▶ _REQUIRED ACTION_:
Everything from the line containing "any color distortion." to the last line of the listing below should be restated exactly, both ends included, with nothing added and the pictures omitted.

▶ _SUPPLIED RECORDS_:
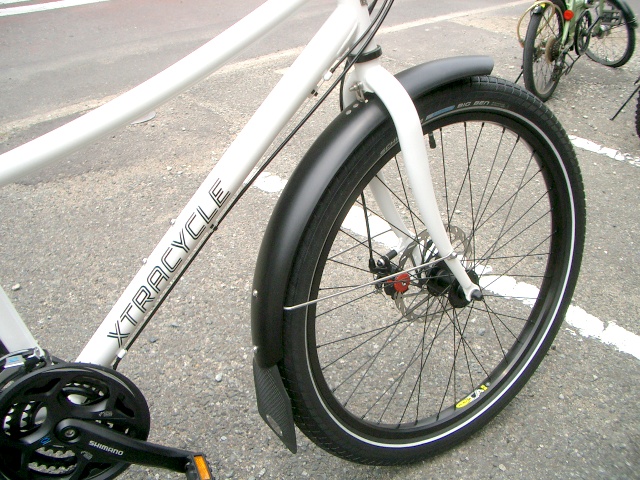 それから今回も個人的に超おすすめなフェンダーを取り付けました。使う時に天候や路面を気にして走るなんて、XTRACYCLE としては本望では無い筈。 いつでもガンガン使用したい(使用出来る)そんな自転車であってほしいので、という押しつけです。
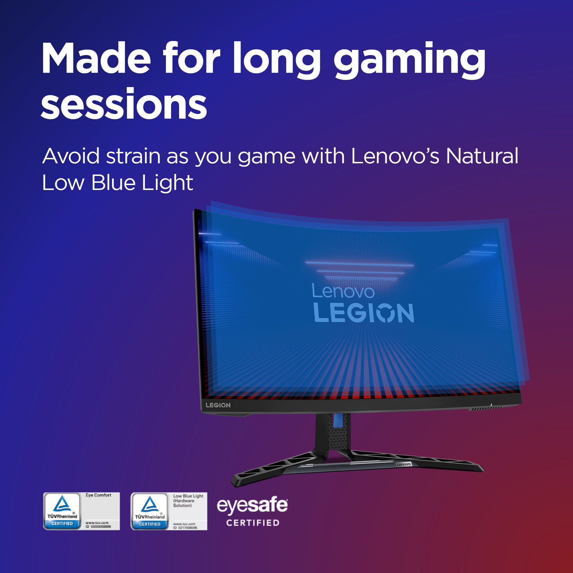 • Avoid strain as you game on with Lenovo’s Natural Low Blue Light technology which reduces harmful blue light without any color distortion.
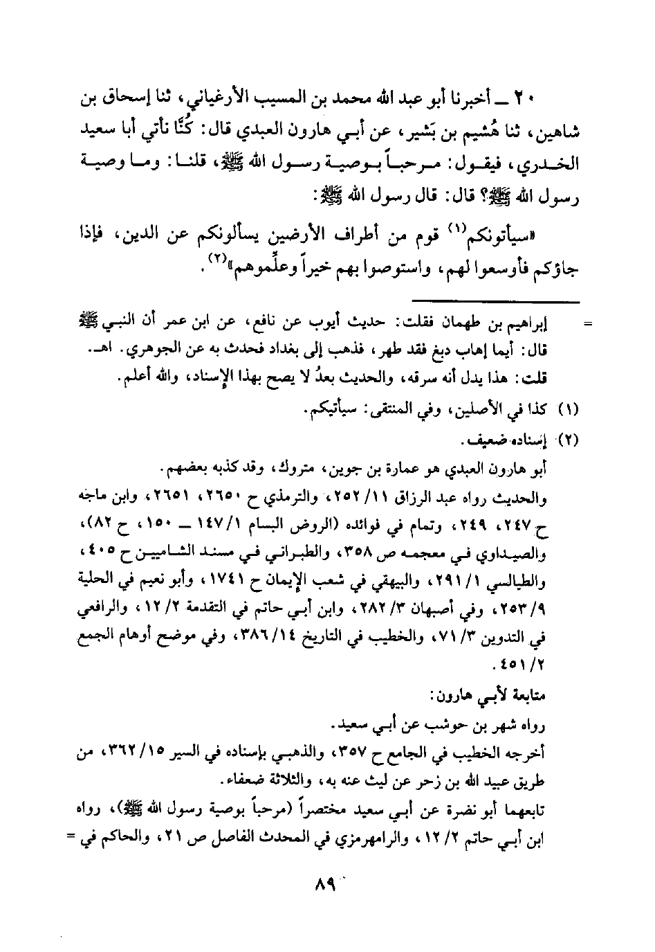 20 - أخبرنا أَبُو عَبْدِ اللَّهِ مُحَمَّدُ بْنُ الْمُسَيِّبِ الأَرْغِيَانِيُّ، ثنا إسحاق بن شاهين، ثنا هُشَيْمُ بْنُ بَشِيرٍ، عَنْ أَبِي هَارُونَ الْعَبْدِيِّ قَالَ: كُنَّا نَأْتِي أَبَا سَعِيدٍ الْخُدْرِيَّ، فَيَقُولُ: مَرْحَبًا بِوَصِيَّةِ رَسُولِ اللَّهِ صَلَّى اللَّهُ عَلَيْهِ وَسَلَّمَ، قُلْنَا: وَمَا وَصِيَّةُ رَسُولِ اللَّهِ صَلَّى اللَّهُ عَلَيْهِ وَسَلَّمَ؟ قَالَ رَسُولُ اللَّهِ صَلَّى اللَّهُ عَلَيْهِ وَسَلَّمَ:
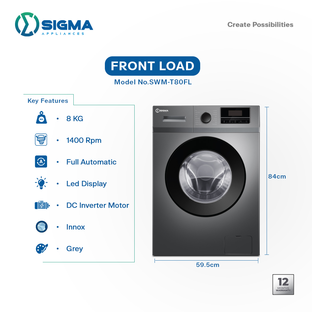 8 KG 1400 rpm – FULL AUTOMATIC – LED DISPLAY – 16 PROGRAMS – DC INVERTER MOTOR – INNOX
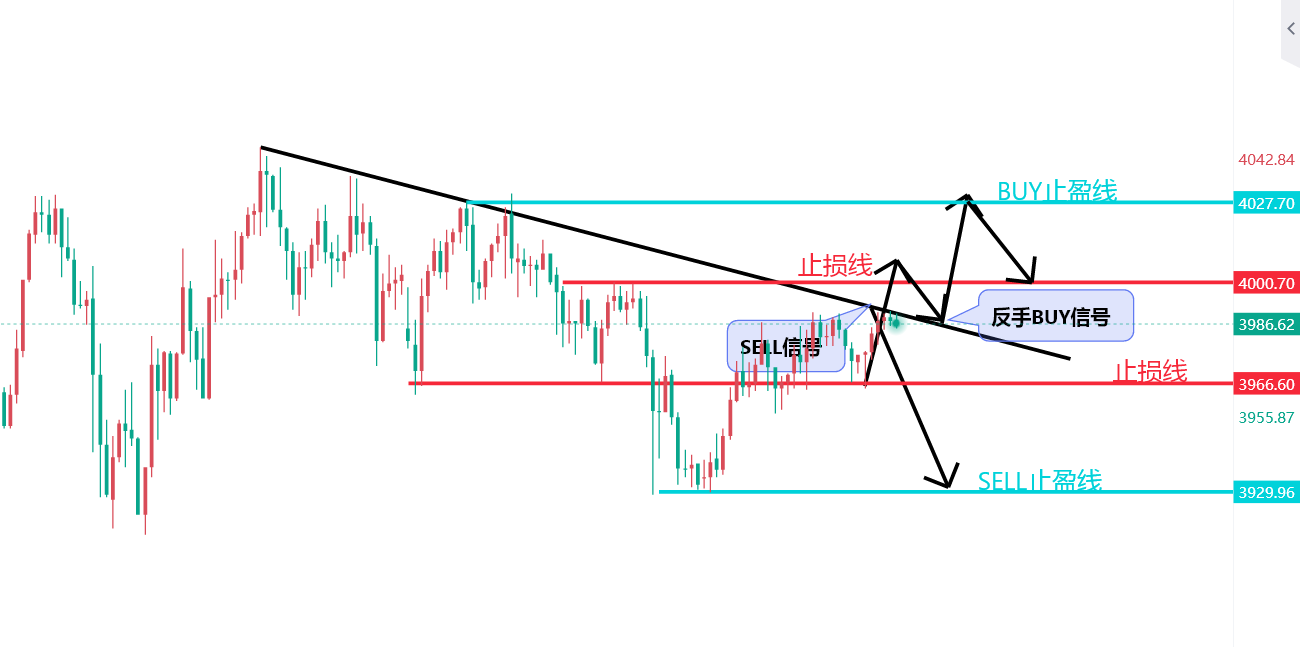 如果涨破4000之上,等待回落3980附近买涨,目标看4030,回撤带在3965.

▶ _EXERCISE RESPONSE_:
 • Avoid strain as you game on with Lenovo’s Natural Low Blue Light technology which reduces harmful blue light without any color distortion.
 20 - أخبرنا أَبُو عَبْدِ اللَّهِ مُحَمَّدُ بْنُ الْمُسَيِّبِ الأَرْغِيَانِيُّ، ثنا إسحاق بن شاهين، ثنا هُشَيْمُ بْنُ بَشِيرٍ، عَنْ أَبِي هَارُونَ الْعَبْدِيِّ قَالَ: كُنَّا نَأْتِي أَبَا سَعِيدٍ الْخُدْرِيَّ، فَيَقُولُ: مَرْحَبًا بِوَصِيَّةِ رَسُولِ اللَّهِ صَلَّى اللَّهُ عَلَيْهِ وَسَلَّمَ، قُلْنَا: وَمَا وَصِيَّةُ رَسُولِ اللَّهِ صَلَّى اللَّهُ عَلَيْهِ وَسَلَّمَ؟ قَالَ رَسُولُ اللَّهِ صَلَّى اللَّهُ عَلَيْهِ وَسَلَّمَ:
 8 KG 1400 rpm – FULL AUTOMATIC – LED DISPLAY – 16 PROGRAMS – DC INVERTER MOTOR – INNOX
 如果涨破4000之上,等待回落3980附近买涨,目标看4030,回撤带在3965.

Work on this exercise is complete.